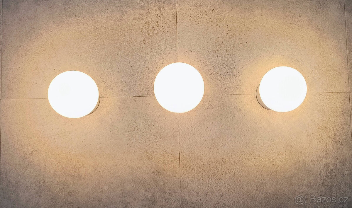 Prodám tři nástěnná světla (bez žárovek). Klasická žárovka, max 100W, patice E27. Kulová stínidla z mléčného skla, průměr 15 cm. Objímka z bílého plastu, průměr 11 cm.
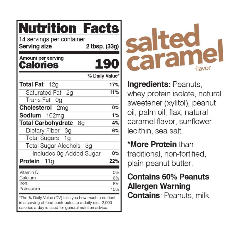 - SALTED CARAMEL PEANUT SPREAD, Sometimes you crave salty, sometimes sweet. This one is the perfect blend of both. Rich caramel tones and a pinch of sea salt make this a cravings crusher. 12 grams of protein. Flax for omega 3's. And 98% lactose-free.
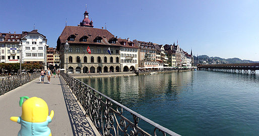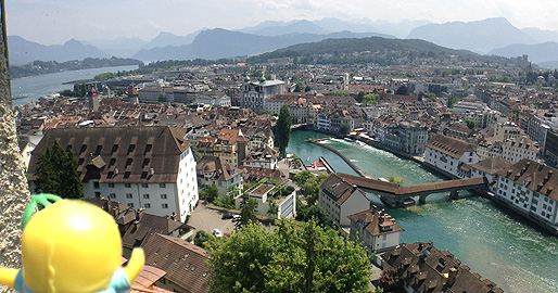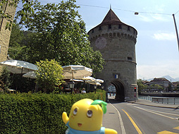 実は、ここの地ビールを飲む為にルツェルンに来たといっても過言ではないなっしー。カペル橋を見ながらのむビールは美味しいなっしなー。今日は最高に気温も高いのなおさら旨いなっしー。ちなみにお値段、8CHF。1070円!
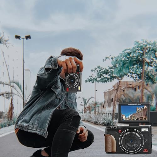 【4K Digital Camera with Flip Screen】:The digital camera uses the latest CMOS measurement system to capture high-definition 4K videos and 48MP photos, without the need for complex manual settings, while automatically providing natural color images. Cameras for photography has a 3-inch touch screen and can rotate 180 degrees, allowing you to see what’s being recorded or view it while taking a vlog from any angle.
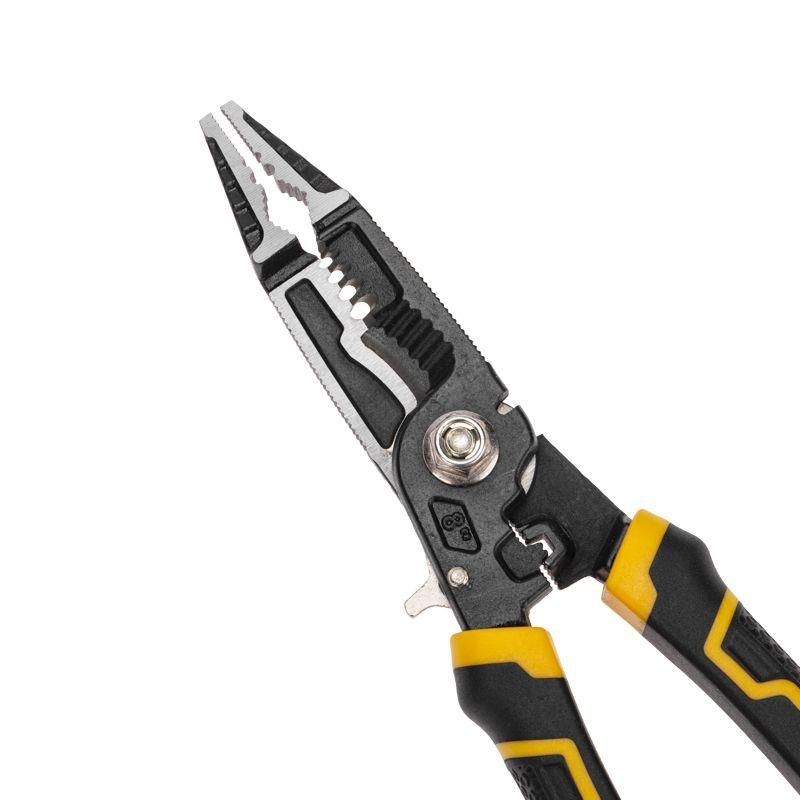Многофункциональные универсальные плоскогубцы – это инструмент на все случаи жизни, включающий в себя: плоскогубцы, тонкогубцы, бокорезы, инструмент для зачистки кабеля, резак для проводов, напильник, инструмент для обжима клемм. Используются для ремонта автомобилей, мотоциклов, механизмов и т.д. Применяются для монтажных работ, а также в быту. Плоскогубцы изготовлены из профессиональной хромованадиевой стали (60Cr-V), максимальная твердость – 60-62HRC. Оснащены износостойкими двухкомпонентными анатомическими рукоятками, которые не скользят в руках. Тип рукояток – японский. На торцах плоскогубцев расположены насечки, позволяющие использовать инструмент как напильник для тяжелых работ. Плоскогубцы обладают отличной режущей способностью, подходят для резки/зачистки пластика, медных и мягких проводов, а также для обжима изолированных и неизолированных наконечников. Также подходят для зачистки кабеля от 1,27 мм2 до 5,30 мм2.

----------

▸ What to produce: Once more, please print the whole listing exactly, omitting each image.

▸ Your response:
 Prodám tři nástěnná světla (bez žárovek). Klasická žárovka, max 100W, patice E27. Kulová stínidla z mléčného skla, průměr 15 cm. Objímka z bílého plastu, průměr 11 cm.
 - SALTED CARAMEL PEANUT SPREAD, Sometimes you crave salty, sometimes sweet. This one is the perfect blend of both. Rich caramel tones and a pinch of sea salt make this a cravings crusher. 12 grams of protein. Flax for omega 3's. And 98% lactose-free.
 実は、ここの地ビールを飲む為にルツェルンに来たといっても過言ではないなっしー。カペル橋を見ながらのむビールは美味しいなっしなー。今日は最高に気温も高いのなおさら旨いなっしー。ちなみにお値段、8CHF。1070円!
 【4K Digital Camera with Flip Screen】:The digital camera uses the latest CMOS measurement system to capture high-definition 4K videos and 48MP photos, without the need for complex manual settings, while automatically providing natural color images. Cameras for photography has a 3-inch touch screen and can rotate 180 degrees, allowing you to see what’s being recorded or view it while taking a vlog from any angle.
Многофункциональные универсальные плоскогубцы – это инструмент на все случаи жизни, включающий в себя: плоскогубцы, тонкогубцы, бокорезы, инструмент для зачистки кабеля, резак для проводов, напильник, инструмент для обжима клемм. Используются для ремонта автомобилей, мотоциклов, механизмов и т.д. Применяются для монтажных работ, а также в быту. Плоскогубцы изготовлены из профессиональной хромованадиевой стали (60Cr-V), максимальная твердость – 60-62HRC. Оснащены износостойкими двухкомпонентными анатомическими рукоятками, которые не скользят в руках. Тип рукояток – японский. На торцах плоскогубцев расположены насечки, позволяющие использовать инструмент как напильник для тяжелых работ. Плоскогубцы обладают отличной режущей способностью, подходят для резки/зачистки пластика, медных и мягких проводов, а также для обжима изолированных и неизолированных наконечников. Также подходят для зачистки кабеля от 1,27 мм2 до 5,30 мм2.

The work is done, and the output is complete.